Doppeltes Patentspiel der EU-Kommission
EU-Parlamentarier werfen der EU-Kommission vor, einen mehrheitlichen Parlamentsbeschluss gegen europäische [Software-]Patente zu hintertreiben. Hauptkritikpunkt ist eine auf kleine und mittlere Unternehmen abzielende EU-Info-Kampagne von Kommissar Günter Verheugen.
Während das Ergebnis der öffentlichen Konsultation zu einer Regelung des EU-Patentwesens im Allgemeinen - und der möglichen Mitpatentierung von Software im Besonderen - erst am Mittwoch bekannt gegeben wird, eröffnet die EU-Kommission das Match bereits am Dienstag.
Begonnen wurde es aber eigentlich schon im April, denn da hatte die Kommission kurz nach Ablauf der Einreichfrist für die öffentliche Konsultation eine weitere Initiative begonnen, die bis jetzt weit weniger öffentlich war.
Den meisten Parlamentariern wurde sie erst während der Vorbereitung des Patent-Meetings für kleine und mittlere Unternehmen [KMUs] am kommenden Dienstag bekannt.
Patente haben oder wollen
Am 24. April hatte die EU-Generaldirektion für Unternehmen und Industrie [Kommissar und Vizepräsident der Kommission ist Verheugen] über die European Information Centers [EIC] kleine und mittlere Unternehmen von wenigstens 14 EU-Mitgliedsstaaten kontaktiert.
Gesucht wurden KMUs, die Patente haben, solche gerne hätten bzw. in einen Patentstreit vor Gericht verwickelt sind.
Patentanwälte und KMUs
Wie aus Brüssel zu erfahren war, liefen die Kontakte zum Großteil über Patentanwälte, zumindest aus Belgien, England und Polen ist das bekannt. Die Patentanwälte halfen den KMU-Vertretern dabei, die Patentfragebögen auszufüllen.

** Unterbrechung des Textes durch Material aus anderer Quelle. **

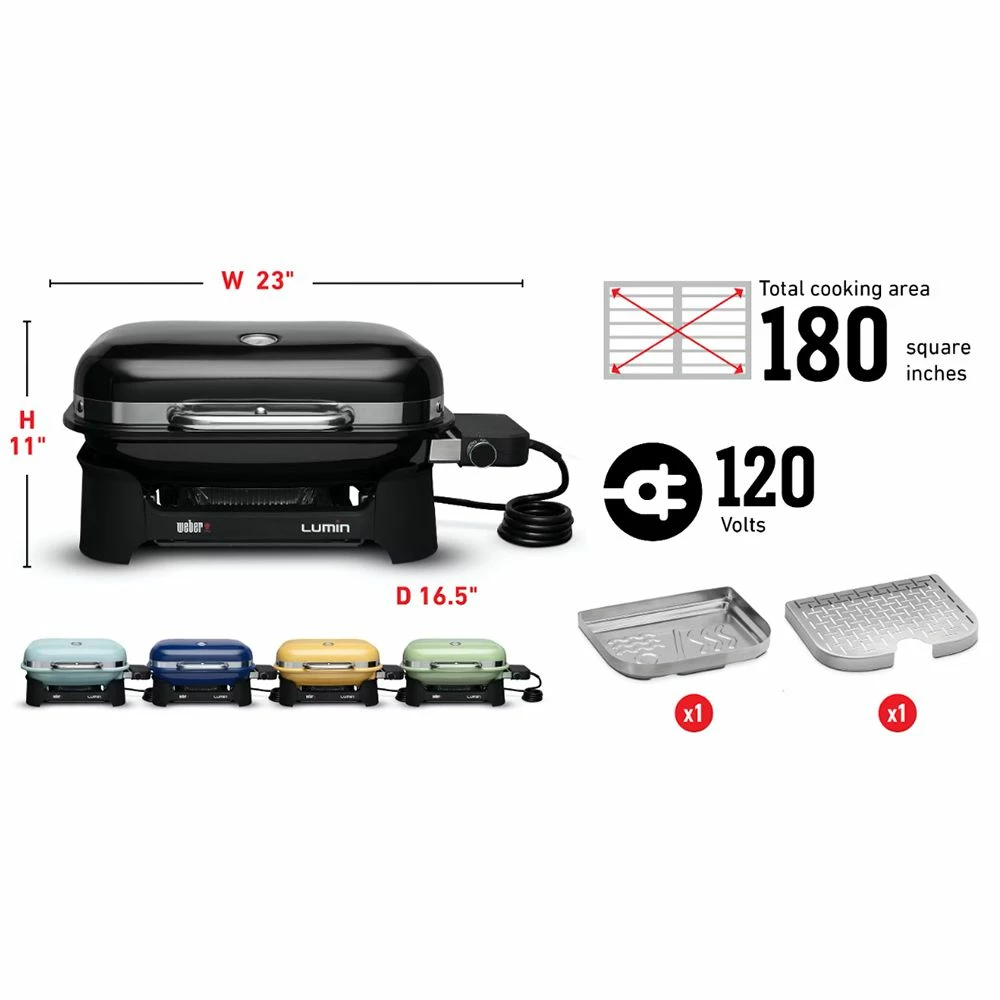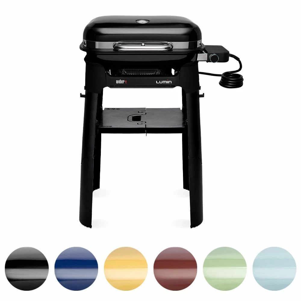 Weber Lumin Electric Grill on Cart offers exceptional utility in a polished package. The Weber Lumin electric grill is the next evolution in urban outdoor cooking, reaching temperatures up to 600?F for serious sear marks. It features a number of modes, including searing, smoking, steam or boiling to provide next-level flexibility. The food-warming function keeps food at serving temp for longer and allows you to grill from frozen by thawing food while the grill preheats.

Dass die EU-Generaldirektion für Unternehmen gerade Klein- und Mittelbetrieben das Patentwesen näher zu bringen versucht, macht für die Kommission insofern Sinn, als nationale Wirtschaftskammern maßgeblich dazu beigetragen hatten, dass der Entwurf der EU-Kommission von einer EU-Parlamentsmehrheit vor einem Jahr abgelehnt worden war.
Hardware gegen Software
Die Kommission ist von ihrer Linie der Befürwortung von Patenten auch auf Software nämlich nicht abgerückt.

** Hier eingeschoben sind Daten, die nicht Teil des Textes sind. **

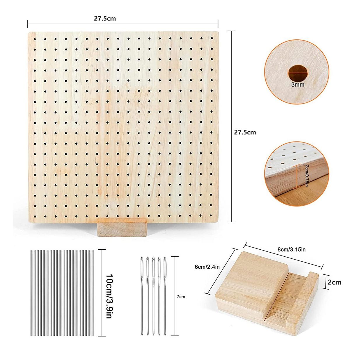 The length of this product is 27.5cm, the width is 27.5cm and the height is 2cm. Solid wood holder allows it to be easily used for different crocheting angles, meaning you can have a comfortable crocheting position without having to weave flat all the time, and it is portable and also perfect for your crocheting work.

Man will damit die Position europäischer Konzerne gegenüber ihren US-Mitbewerbern stärken, zumal Patente längst zu Waffen für die milliardenschweren Prozesse besonders im Technologiesektor umgeschmiedet worden sind.
Die Positionen beider Seiten, deren Interessen in puncto Software-Patente kollidieren, sind eindeutig: Europas Software-Unternehmensmittelstand, freie Programmierer und Open-Source-Communitys gegen Konzerne wie Bosch, Daimler-Chrysler, EADS, Nokia, Philips, Volvo, Thomson et al.
Der patentierte Download-Balken
In den USA lässt sich von Software bis hin zu Trivialem wie dem Download-Balken alles Mögliche anstandslos patentieren, das europäische Patentamt [EPA] hat diese Praxis eine Zeit lang heftig kopiert.
Da es keine EU-weite Patentregelung gibt, kann das EPA diese Praxis auch weiterführen.
Kernpunkt der Kritik
Dass die Kommission parallel zu einer öffentlichen Konsultation seit April eine weitere, bis jetzt nichtöffentliche Patentinitiative in ihrem Sinne betreibt, erbost die Abgeordnete Eva Lichtenberger [Grüne], eine der profiliertesten Gegnerinnen von Software-Patenten.
Wenn seitens der Kommission versucht werde, von hinten eine Praxis einzuführen, die in einem demokratischen Prozess als nicht dienlich verworfen wurde, dann sei das zutiefst undemokratisch, sagt Lichtenberger.
Das komme einem Versuch gleich, "die Debatte im Sinne der Patentmonopolisten zu manipulieren". Wenn man seitens der Kommission glaube, so europäische Wirtschaftsinteressen besser durchsetzen zu können, dann sei das der "völlig falsche Weg", so Lichtenberger.
Die Skeptiker
Noch vor dem oben erwähnten Treffen des Arbeitskreises Klein- und Mittelbetriebe mit hochrangigen Vertretern der Kommission kommen am Montag die Patentskeptiker unter Vorsitz des deutschen EU-Abgeordneten Alexander Alvaro [Liberale] zusammen.
Am Mittwoch werden dann die Ergebnisse einer Konsultation zum weiteren europäischen Vorgehen in der Patentfrage in einem öffentlichen Hearing der EU-Kommission bekannt gegeben.